These lines from East Coker by T.S.Eliot have all the marks of the lyric vision, a rhyming of the solitary self and the unimpeded natural world, which takes place before your eyes and in your mind, and of which the next example, Gerard Manley Hopkins’ 8-line poem, Heaven-Haven is perhaps one of the most perfect in the canon.                        

                                                Heaven–Haven

                                                

                                                            A nun takes the veil

 

 

 

                                    I have desired to go

                                    Where springs not fail.

                        To fields where flies no sharp and sided hail

                                    And a few lilies blow.

 

 

                                    And I have asked to be

                                    Where no storms come

                        Where the green swell is in the havens dumb,

                                    And out of the swing of the sea.

                                    

            So here it is, a poem so brief and so musical that you can almost remember it without even trying to memorise it – to ‘learn it off by heart’, as kids and their teachers used to say, back in the good old days when you started doing this when you were six or seven. 

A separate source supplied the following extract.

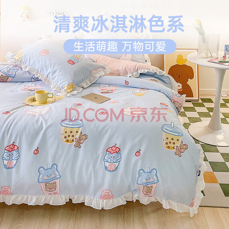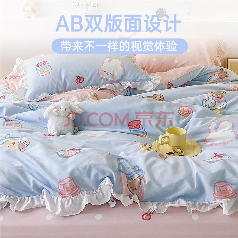 商品相册:多喜爱家纺纯棉床上四件套 全棉被套被罩床单床上用品套件1.5米床203*229cm荷叶边款第

            It is almost instantly memorable, and it is amazingly calm, an unimpeded beauty created by a marvellous combination of poetic effects: first, the vocabulary – it is composed almost entirely of monosyllables, one- syllable words, with only five exceptions  and you might argue that ‘asked’ as it’s normally spoken is a monosyllable). 

            Combining with this: the effects created by metre and line -length, an unvarying steadiness that mimes the speaker’s steady, unperturbed decision to abandon the world for a state of uninterrupted peace and seclusion, where springs not fail, where a few lilies blow, and  where no storms come – in short the world of an enclosed religious order, ideally imagined.

            To put it succinctly: techniques and meaning are perfectly co-ordinated, so that we feel the spell of seclusion in these fields where flies no sharp and sided hail.

            Next: the variation of line length in each verse, with the third line (use your scansion and sound it out) a perfect five-foot line in iambic pentameter: the classic cadence of English. Even the instructions on the back of some bus tickets is in iambic pentameter -you must look up this term yourselves, if you’re not already familiar with it. It is, in brief, the natural rhythm and metre of spoken as well as written English; it is our instinctive rhythm. It is organic to the English tongue.

            Here then we have the 2 shorter lines 1 and 2 followed by the expansion of line 3 into five feet of iambic pentameter. Interestingly the very first line of the poem is less regular than line 2, or any of the other shorter lines. Is this devised to suggest that there is some tension or difficulty for the speaker here as she begins to enunciate her choice? That in starting to express her decision to withdraw from the world her thought and feeling are not quite calm, even though, of course, you couldn’t describe them as agitated. In fact the irregularity is so slight as to be almost negligible. But it’s worth thinking about this: it is dramatic verse, after all, presenting the singular voice of a singular character making a very unusual choice. And presumably she is young, at a time when the charms of active life lie all before her; maybe the slight opening irregularity of this opening line indicates the hesitancy we would expect from one so young deciding to leave the living world of action behind? 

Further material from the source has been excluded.